Vanilla Tahitensis from Tahiti
While Vanilla Planifolia still holds the top spot for culinary applications, Tahitian vanilla is quickly gaining ground. With undertones of red wine, peach, and cherry, these beans are perfectly positioned to make savory dishes shine; we especially adore them in seafood dishes like this Vanilla Brown Butter Cod!
Vanilla Tahitensis from Papua New Guinea
Papua New Guinea now produces even more Tahitian Vanilla than the island of Tahiti. Like its cousin produced in Tahiti, PNG Vanilla Tahitensis is fantastically floral with cherry undertones, but they tend to have an oaky depth similar to that of the Bourbon variety of vanilla beans. They are truly something unique! Take a deeper dive into the world of Papua New Guniea Vanilla Tahitensis by checking out this article.
Vanilla Tahitensis from Ecuador
Ecuadorian vanilla is a favorite of chefs around the world; known for its oily sheen, powerful aroma, and hints of stone fruits. The rarity of these beans has positioned them as a delicacy in the world of vanilla, adored culinary enthusiasts and the more particular chefs of the restaurant scene. A choice bean for meringues, we love Ecuadorian Vanilla Planifolia in this incredible Pavlova recipe.

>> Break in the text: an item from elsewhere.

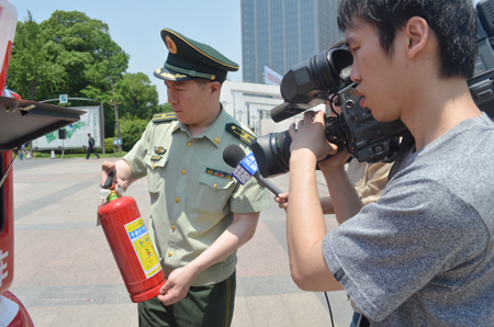 消防官兵為記者演示消防宣傳車上配備的滅火器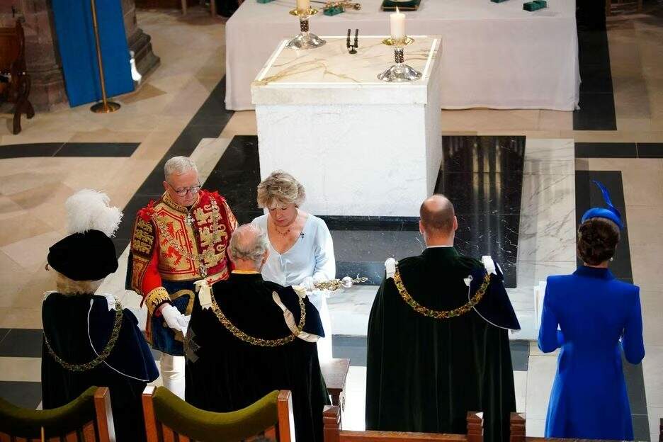 A cerimônia de hoje também trouxe antigas tradições, uma coroa e uma procissão pelas ruas da capital escocesa. Desta vez, no entanto, não foi colocada em sua cabeça, mas sim entregue a ele. A procissão reuniu cem pessoas, incluindo os herdeiros da Coroa, o príncipe e a princesa de Gales, William e Kate, mas desta vez, sem a presença do príncipe Harry.

Pompona vanilla beans are rarely found outside of specialty bake shops or online high-quality spice purveyors. These beans stray the farthest from that familiar vanilla flavor and aroma we mentioned earlier. They are most notably found in Central and South America—and even grow wild in rain forests of those regions—but they are also produced in the East Indies and even Florida. Pompona is the rarest of the commercially produced vanilla beans and, as such, is often hard to obtain. That said, you can find Costa Rican Pompona beans right here!
Vanilla Pompona from Costa Rica
These beans tend to be larger in length and density than other vanilla bean varieties—3 to 4 times the size, actually! They are nearly bursting with moist, flavorful vanilla caviar and have an element of sweetness similar to dried fruits, which makes them a wonderful choice for vanilla extracts or baked goods (these are wonderful in homemade breads or bread puddings), but they are also absolutely lovely in perfumery and medicinal concoctions!